FIG. 4 is a schematic perspective view showing an example of a conventional double wishbone suspension as a skeleton diagram.

FIG. 5 is a schematic side view showing changes in caster angle and caster trail that occur when a wheel receives a vehicle rearward force from a road surface in a conventional double wishbone suspension.

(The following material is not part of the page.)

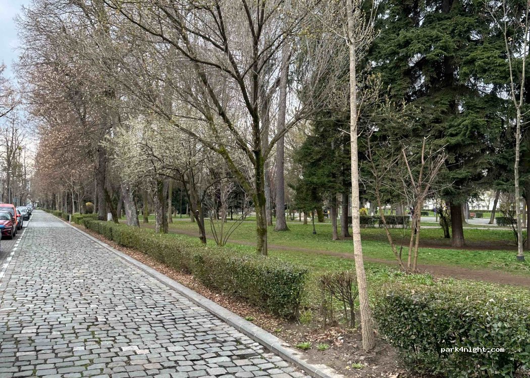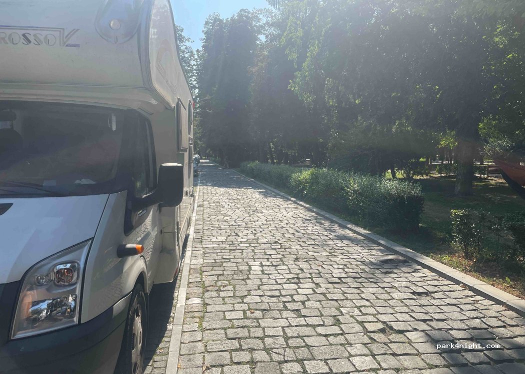 Paid street parking all the way along next to the park. Not great for long stays but close to the old town by walking through the park.

FIG. 6 is a schematic plan view showing a cornering force generated when a vehicle turns in a conventional double wishbone suspension and a vehicle rearward force resulting therefrom.

[Explanation of symbols]

 10 ... Carrier 14 ... Upper arm 16 ... Lower arm 18 ... Ball joint 20,22 ... Joint 26 ... Ball joint 28,30 ... Joint 48,54 ... Rubber bush 56 ... First chamber space 58 ... Second chamber space 60 ... Conduit

Claims (1)

Claim: What is claimed is: 1. A carrier for rotatably supporting a wheel, and a pair of two inner ends which are pivotally attached to the carrier at outer ends thereof and are substantially separated from each other in the vehicle longitudinal direction. An upper arm having a first chamber space therein and one of the pair of elastic bushes pivotally supported by the vehicle body through an elastic bush of the upper bush and an outer end of the upper arm that are pivotally attached to the carrier and are substantially separated from each other in the vehicle longitudinal direction. One of the pair of elastic bushes is pivotally supported on the vehicle body by a pair of elastic bushes at the two inner ends of the lower arm having a second chamber space therein, the first chamber space and the first chamber space. A conduit for communicating with the second chamber space, and one of the first and second chamber spaces is pivoted relative to the vehicle body so that the outer end of the corresponding arm moves rearward of the vehicle. It is provided at the site that receives compression deformation when moved, Note that the other of the first and second chamber spaces is provided in a portion that undergoes tensile deformation when the corresponding arm pivots relative to the vehicle body so that the outer end of the corresponding arm moves rearward of the vehicle. Double wishbone suspension.